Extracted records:
Segment Open
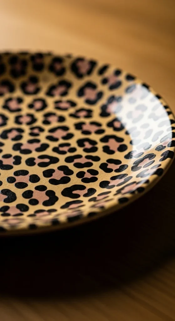 A big cat print plate is a fun option if you want something playful, bold, and full of personality. The pattern may look fancy at first, but it is really just a mix of uneven spots and curved marks, which makes it more forgiving than many people expect. Start with a warm base like beige, tan, or blush, then paint loose leopard-style shapes in dark brown or black. You can leave some open and fill others in to create that classic animal print feel. This project works well on plates, trays, or catch-all dishes and does not require special tools beyond a small brush. It stays affordable because you only need a few paint colors and the design covers the surface quickly. If you want to soften the look, use caramel and cream instead of sharp black. If you want something louder, add hot pink or rust into the pattern. This plate looks great on a vanity, coffee table, or shelf, and it can also be used as a jewelry dish. Keep the spots loose and uneven, because that handmade variation makes the print look more natural and stylish.
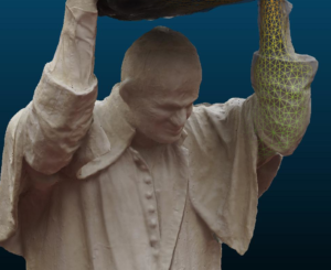Chmura punktów pozyskana z wykorzystaniem fotogrametrii bliskiego zasięgu obejmująca figurę Jana Pawła II będącą fragmentem instalacji “Zatrute Źródło” wystawionej 24.09.2020r. przed Muzeum Narodowym w Warszawie.
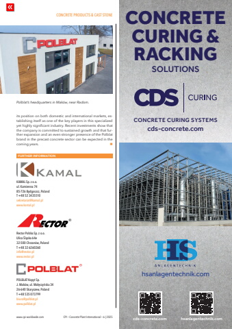 CONCRETE PRODUCTS & CAST STONEwww.cpi-worldwide.com CPI %u2013 Concrete Plant International %u2013 6 | 2025its position on both domestic and international markets, establishing itself as one of the key players in this specialized yet highly significant industry. Recent investments show that the company is committed to sustained growth and that further expansion and an even stronger presence of the Polblat brand in the precast concrete sector can be expected in the coming years. nFURTHER INFORMATIONKAMAL Sp. z o.o. ul. Kamienna 74 85-726 Bydgoszcz, Poland T +48 52 3435510 sekretariat@kamal.plwww.kamal.plRector Polska Sp. z o.o. Ulica %u015al%u0105ska 64e32-500 Chrzan%u00f3w, Poland T +48 32 6260260 info@rector.plwww.rector.plPOLBLAT Kopyt Sp. J. Mak%u00f3w, ul. Ma%u0142%u0119czy%u0144ska 34 26-640 Skaryszew, Poland T +48 535 073799 biuro@polblat.pl www.polblat.plPolblat%u2019s headquarters in Mak%u00f3w, near Radom.cds-concrete.com hsanlagentechnik.comcds-concrete.comCONCRETE CURING SYSTEMShsanlagentechnik.comCONCRETECURING & RACKINGSOLUTIONS
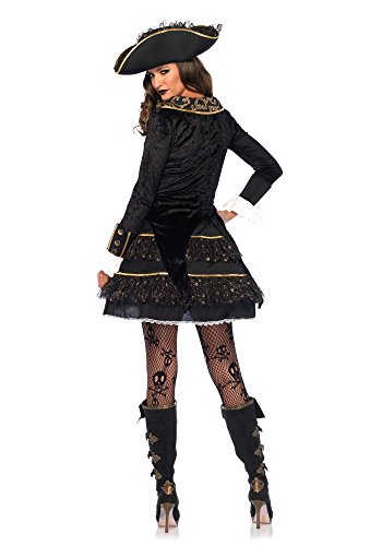 High seas pirate captain gold trimmed velvet coat dress with brocade bodice and button accents, lurex lace tiered skirt
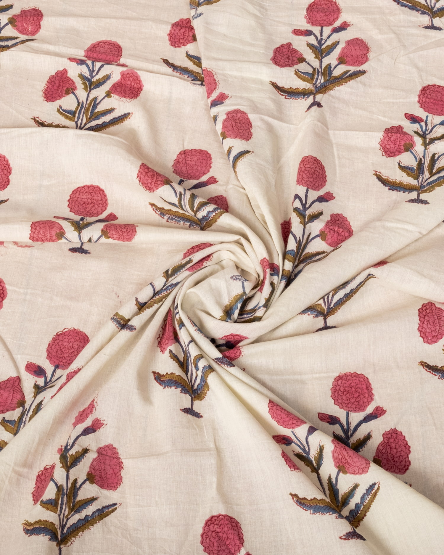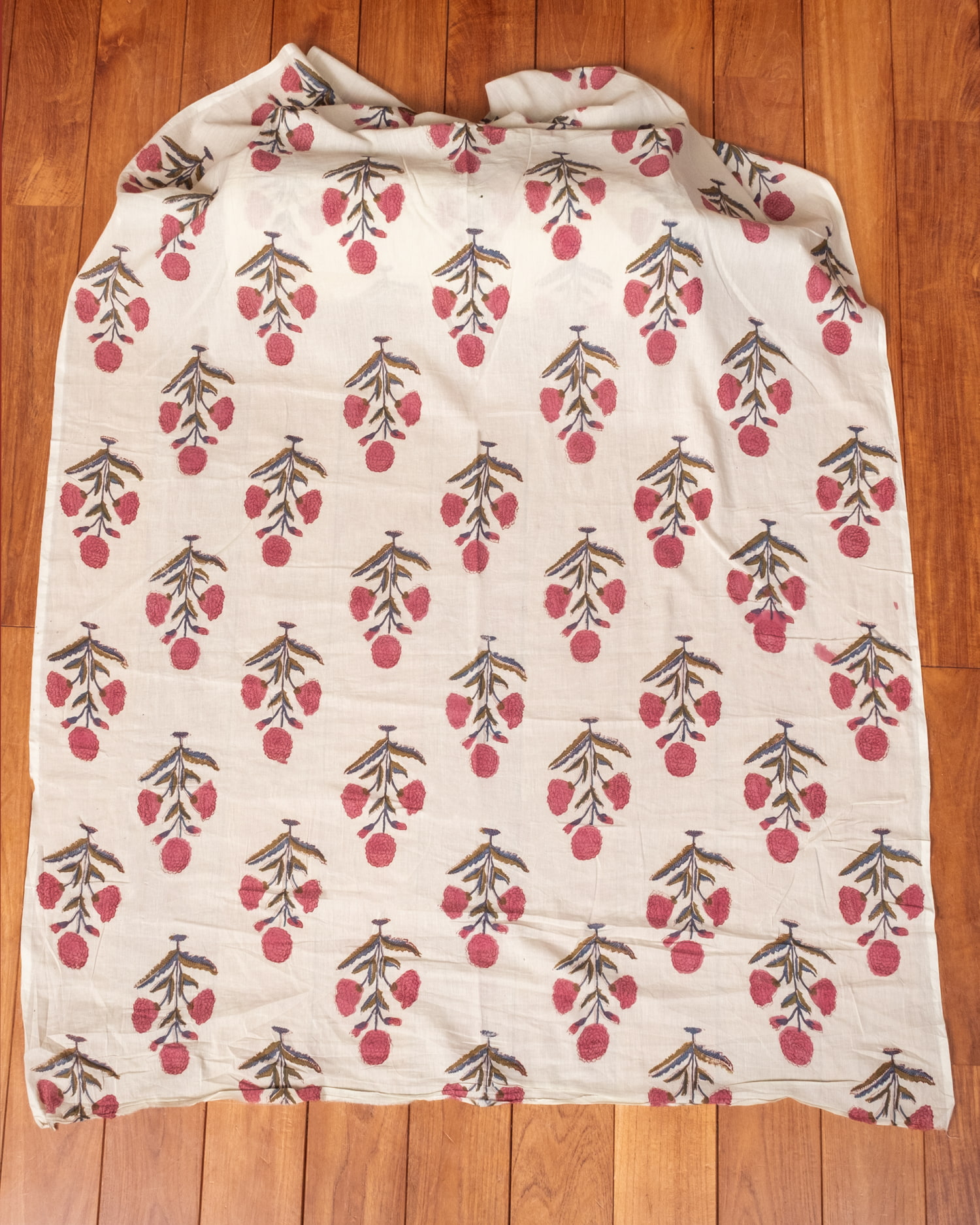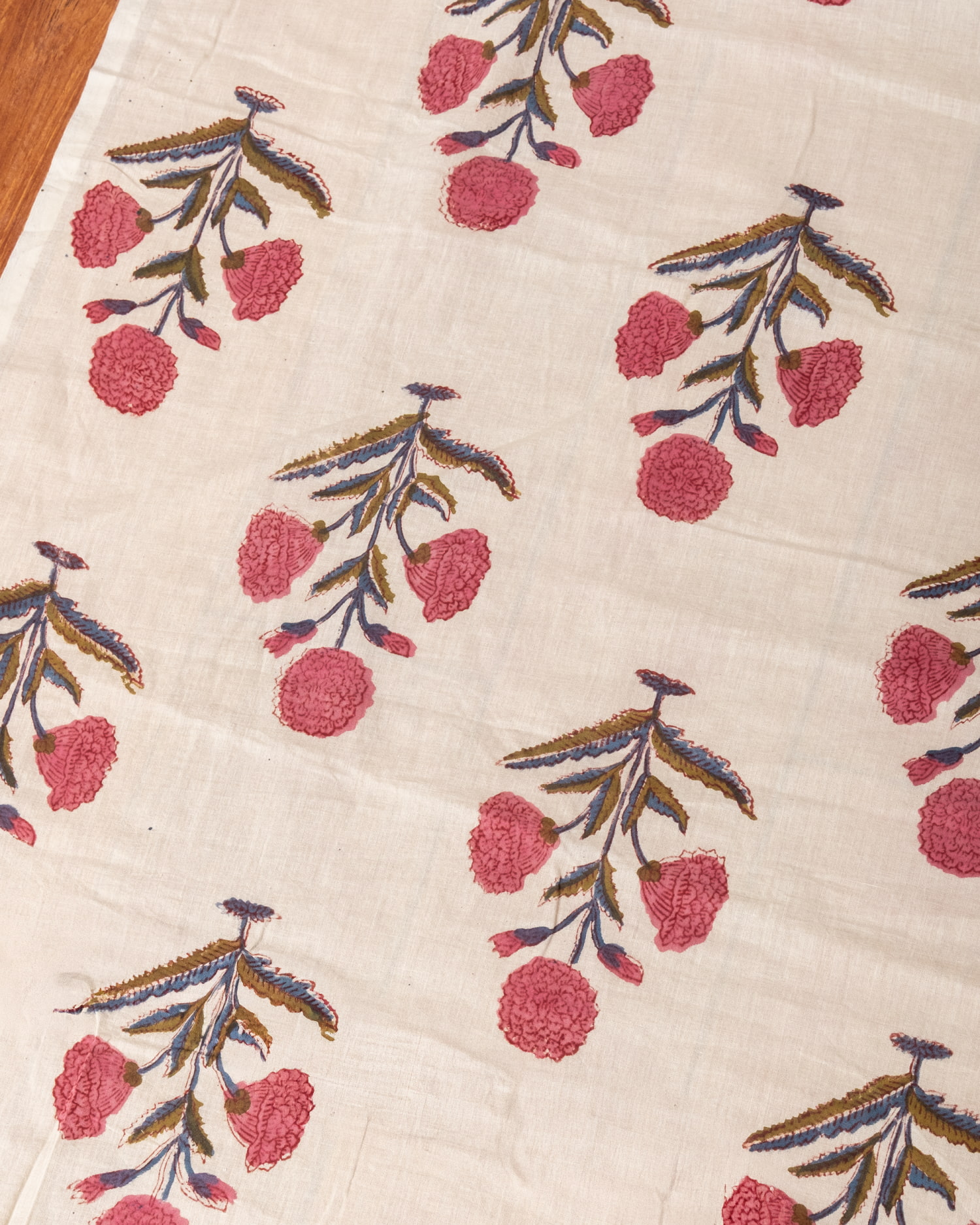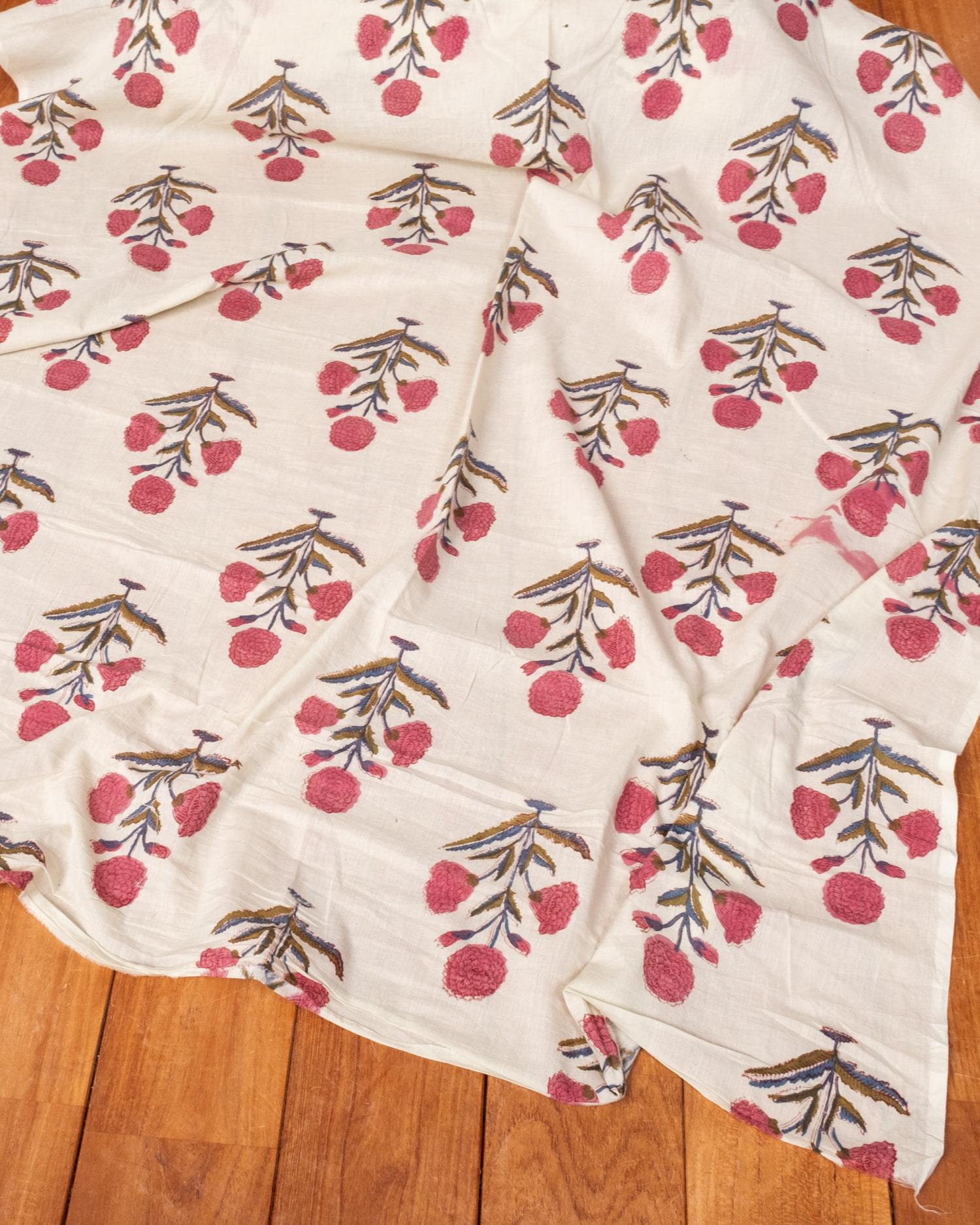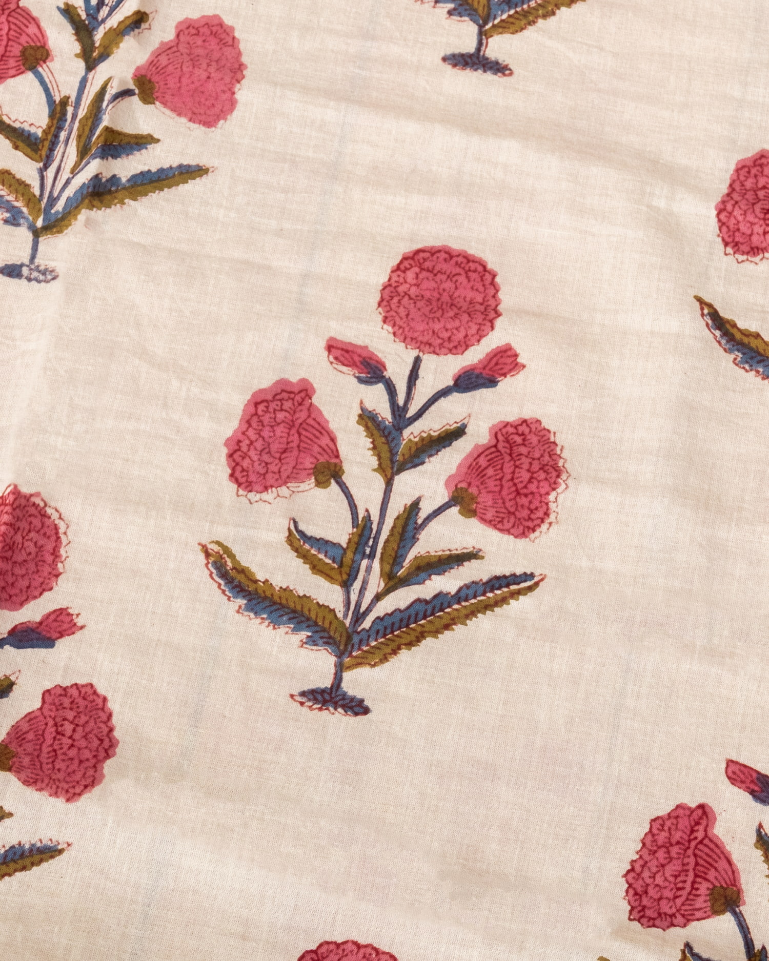 とってもかわいい生地がジャイプルからやってきました。どこかプロヴァンスなテイストも感じさせる、魅力的な色彩とデザイン。職人さんが全て手作りしており、インドらしい木版と鮮やかな色彩がきわだつ、インド綿100%のファブリックです。ナチュラルな風合いは、派手すぎずほどよく上品な雰囲気で、どんなお部屋にも馴染み、相性良くフィットしてくれそうです。
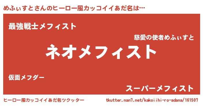 | ヘコむあだ名 | 『めふぃすと(爆)』『めふっふぃ~』 |
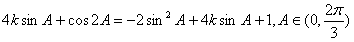 (2)设m=(sinA,cos2A),n=(4k,1)(k>1),且m·n的最大值是5,求k的值。
Segment Closed
**EXERCISE BRIEF**. Leave out every picture, and write out exactly the lines from the one with "High seas pirate" through the end of the records above, both ends included.

**WRITTEN RESPONSE**.
 High seas pirate captain gold trimmed velvet coat dress with brocade bodice and button accents, lurex lace tiered skirt
 とってもかわいい生地がジャイプルからやってきました。どこかプロヴァンスなテイストも感じさせる、魅力的な色彩とデザイン。職人さんが全て手作りしており、インドらしい木版と鮮やかな色彩がきわだつ、インド綿100%のファブリックです。ナチュラルな風合いは、派手すぎずほどよく上品な雰囲気で、どんなお部屋にも馴染み、相性良くフィットしてくれそうです。
 | ヘコむあだ名 | 『めふぃすと(爆)』『めふっふぃ~』 |
 (2)设m=(sinA,cos2A),n=(4k,1)(k>1),且m·n的最大值是5,求k的值。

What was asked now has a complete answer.